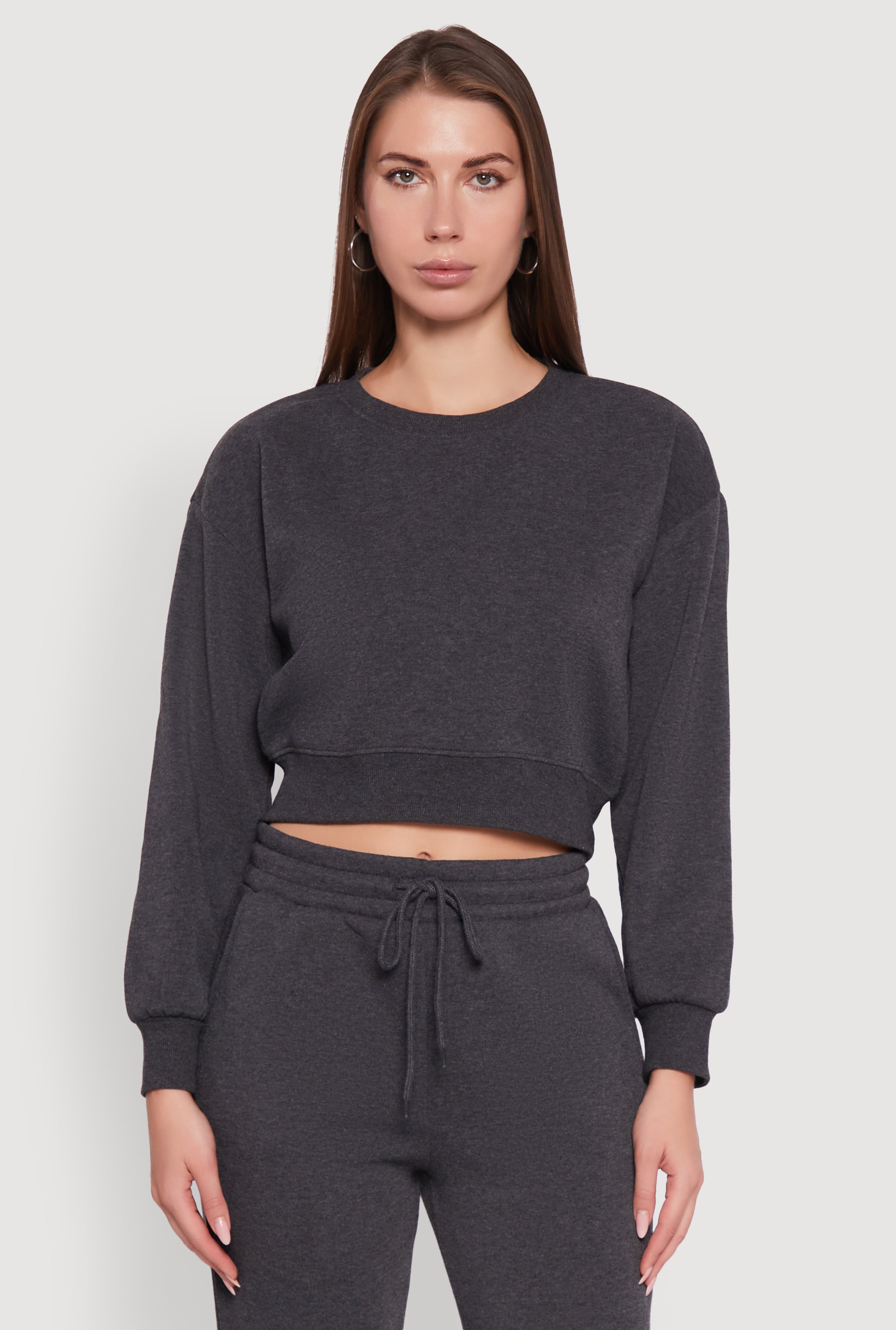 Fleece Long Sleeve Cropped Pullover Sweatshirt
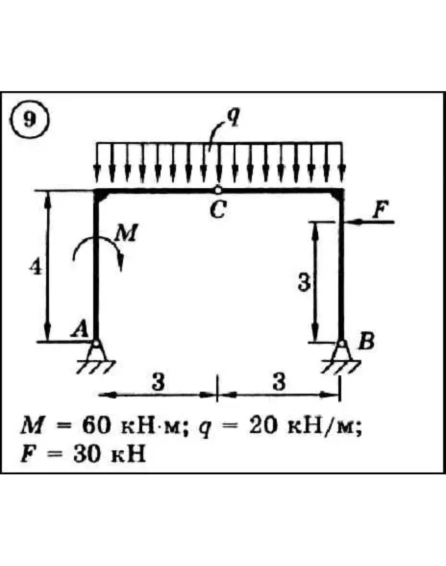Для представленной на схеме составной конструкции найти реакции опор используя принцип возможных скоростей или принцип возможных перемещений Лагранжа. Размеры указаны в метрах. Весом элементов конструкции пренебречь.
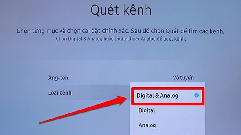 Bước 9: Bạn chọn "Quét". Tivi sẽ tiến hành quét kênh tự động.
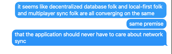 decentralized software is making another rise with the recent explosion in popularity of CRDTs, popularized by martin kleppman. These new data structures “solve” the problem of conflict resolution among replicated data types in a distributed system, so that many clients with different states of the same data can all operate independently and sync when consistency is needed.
□ □ □ □ □ □ □
▶ TASK OBJECTIVE:
When you copy the listing above, reproduce every line exactly and skip the images.

▶ TASK OUTPUT:
 Fleece Long Sleeve Cropped Pullover Sweatshirt
Для представленной на схеме составной конструкции найти реакции опор используя принцип возможных скоростей или принцип возможных перемещений Лагранжа. Размеры указаны в метрах. Весом элементов конструкции пренебречь.
 Bước 9: Bạn chọn "Quét". Tivi sẽ tiến hành quét kênh tự động.
 decentralized software is making another rise with the recent explosion in popularity of CRDTs, popularized by martin kleppman. These new data structures “solve” the problem of conflict resolution among replicated data types in a distributed system, so that many clients with different states of the same data can all operate independently and sync when consistency is needed.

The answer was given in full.